**Task directions**: Exact reproduction of all the data is required, with pictures excluded.

Items from a dataset:

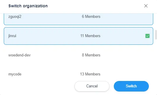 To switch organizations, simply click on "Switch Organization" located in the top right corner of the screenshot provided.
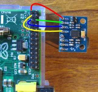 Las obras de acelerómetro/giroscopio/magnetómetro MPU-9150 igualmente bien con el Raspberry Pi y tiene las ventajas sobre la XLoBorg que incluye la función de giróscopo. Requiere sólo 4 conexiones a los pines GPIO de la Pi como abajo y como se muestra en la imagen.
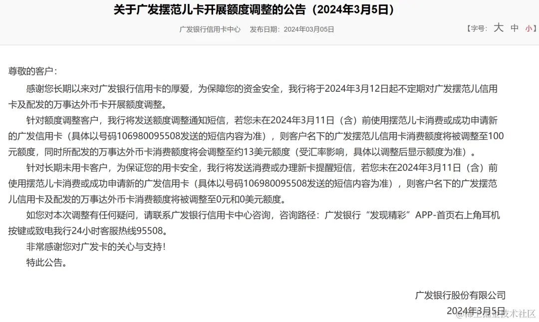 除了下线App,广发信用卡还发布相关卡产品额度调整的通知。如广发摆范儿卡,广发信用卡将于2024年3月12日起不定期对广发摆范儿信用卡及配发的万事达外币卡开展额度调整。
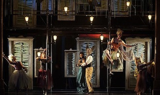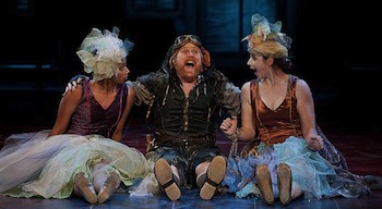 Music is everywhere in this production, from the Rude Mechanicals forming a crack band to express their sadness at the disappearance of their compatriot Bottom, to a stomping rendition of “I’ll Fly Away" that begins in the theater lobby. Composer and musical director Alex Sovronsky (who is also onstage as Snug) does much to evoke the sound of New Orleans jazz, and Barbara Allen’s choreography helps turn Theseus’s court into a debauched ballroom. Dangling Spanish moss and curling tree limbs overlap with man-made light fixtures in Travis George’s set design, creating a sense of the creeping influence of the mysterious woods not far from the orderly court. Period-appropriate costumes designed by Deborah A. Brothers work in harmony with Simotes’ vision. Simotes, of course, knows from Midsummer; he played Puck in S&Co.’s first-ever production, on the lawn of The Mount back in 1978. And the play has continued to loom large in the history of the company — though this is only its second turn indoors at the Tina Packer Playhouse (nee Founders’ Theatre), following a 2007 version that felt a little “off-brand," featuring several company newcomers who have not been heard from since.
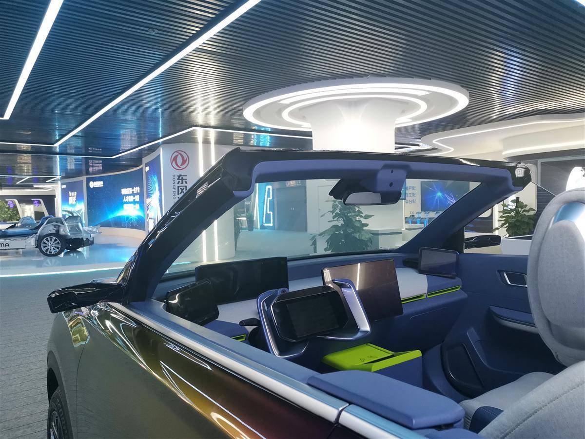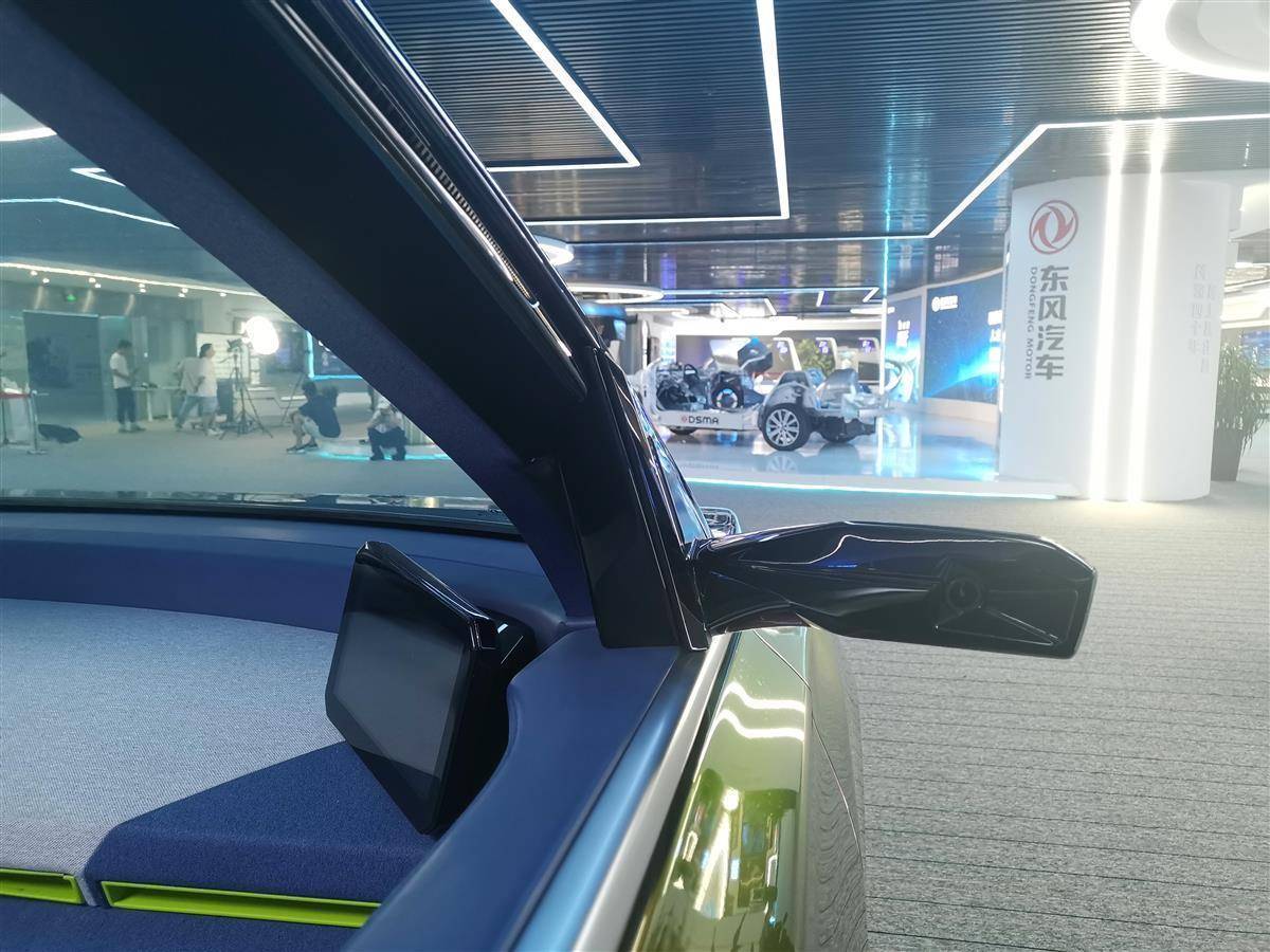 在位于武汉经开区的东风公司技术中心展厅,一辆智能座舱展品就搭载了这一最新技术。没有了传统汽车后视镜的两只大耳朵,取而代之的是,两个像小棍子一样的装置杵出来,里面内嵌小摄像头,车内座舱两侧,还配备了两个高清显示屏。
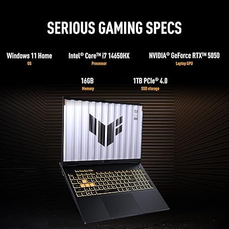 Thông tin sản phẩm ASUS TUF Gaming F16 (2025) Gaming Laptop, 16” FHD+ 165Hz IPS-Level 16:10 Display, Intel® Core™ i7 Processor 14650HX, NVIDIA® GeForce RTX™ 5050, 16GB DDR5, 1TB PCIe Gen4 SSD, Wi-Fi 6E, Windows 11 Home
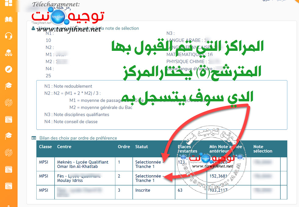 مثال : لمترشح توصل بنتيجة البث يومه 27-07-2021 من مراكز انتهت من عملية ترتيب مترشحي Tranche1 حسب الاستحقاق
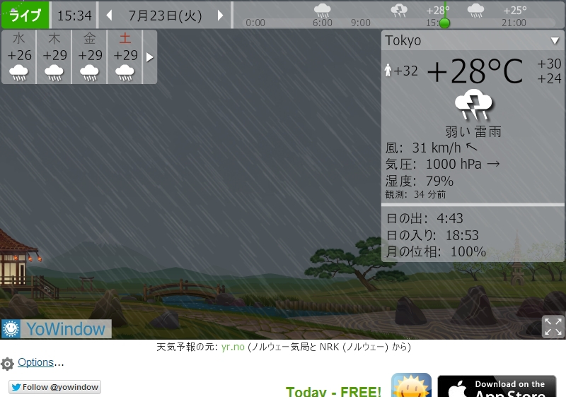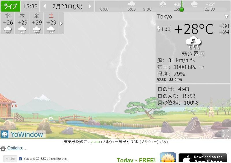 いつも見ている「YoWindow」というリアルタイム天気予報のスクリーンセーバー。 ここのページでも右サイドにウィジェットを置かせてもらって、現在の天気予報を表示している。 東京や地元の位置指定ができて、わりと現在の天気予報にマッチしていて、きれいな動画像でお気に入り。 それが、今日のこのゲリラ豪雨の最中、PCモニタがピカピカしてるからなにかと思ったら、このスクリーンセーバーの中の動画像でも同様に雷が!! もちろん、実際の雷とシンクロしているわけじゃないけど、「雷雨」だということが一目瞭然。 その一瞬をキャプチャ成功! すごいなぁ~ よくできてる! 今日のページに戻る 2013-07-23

**Output**:
 To switch organizations, simply click on "Switch Organization" located in the top right corner of the screenshot provided.
 Las obras de acelerómetro/giroscopio/magnetómetro MPU-9150 igualmente bien con el Raspberry Pi y tiene las ventajas sobre la XLoBorg que incluye la función de giróscopo. Requiere sólo 4 conexiones a los pines GPIO de la Pi como abajo y como se muestra en la imagen.
 除了下线App,广发信用卡还发布相关卡产品额度调整的通知。如广发摆范儿卡,广发信用卡将于2024年3月12日起不定期对广发摆范儿信用卡及配发的万事达外币卡开展额度调整。
 Music is everywhere in this production, from the Rude Mechanicals forming a crack band to express their sadness at the disappearance of their compatriot Bottom, to a stomping rendition of “I’ll Fly Away" that begins in the theater lobby. Composer and musical director Alex Sovronsky (who is also onstage as Snug) does much to evoke the sound of New Orleans jazz, and Barbara Allen’s choreography helps turn Theseus’s court into a debauched ballroom. Dangling Spanish moss and curling tree limbs overlap with man-made light fixtures in Travis George’s set design, creating a sense of the creeping influence of the mysterious woods not far from the orderly court. Period-appropriate costumes designed by Deborah A. Brothers work in harmony with Simotes’ vision. Simotes, of course, knows from Midsummer; he played Puck in S&Co.’s first-ever production, on the lawn of The Mount back in 1978. And the play has continued to loom large in the history of the company — though this is only its second turn indoors at the Tina Packer Playhouse (nee Founders’ Theatre), following a 2007 version that felt a little “off-brand," featuring several company newcomers who have not been heard from since.
 在位于武汉经开区的东风公司技术中心展厅,一辆智能座舱展品就搭载了这一最新技术。没有了传统汽车后视镜的两只大耳朵,取而代之的是,两个像小棍子一样的装置杵出来,里面内嵌小摄像头,车内座舱两侧,还配备了两个高清显示屏。
 Thông tin sản phẩm ASUS TUF Gaming F16 (2025) Gaming Laptop, 16” FHD+ 165Hz IPS-Level 16:10 Display, Intel® Core™ i7 Processor 14650HX, NVIDIA® GeForce RTX™ 5050, 16GB DDR5, 1TB PCIe Gen4 SSD, Wi-Fi 6E, Windows 11 Home
 مثال : لمترشح توصل بنتيجة البث يومه 27-07-2021 من مراكز انتهت من عملية ترتيب مترشحي Tranche1 حسب الاستحقاق
 いつも見ている「YoWindow」というリアルタイム天気予報のスクリーンセーバー。 ここのページでも右サイドにウィジェットを置かせてもらって、現在の天気予報を表示している。 東京や地元の位置指定ができて、わりと現在の天気予報にマッチしていて、きれいな動画像でお気に入り。 それが、今日のこのゲリラ豪雨の最中、PCモニタがピカピカしてるからなにかと思ったら、このスクリーンセーバーの中の動画像でも同様に雷が!! もちろん、実際の雷とシンクロしているわけじゃないけど、「雷雨」だということが一目瞭然。 その一瞬をキャプチャ成功! すごいなぁ~ よくできてる! 今日のページに戻る 2013-07-23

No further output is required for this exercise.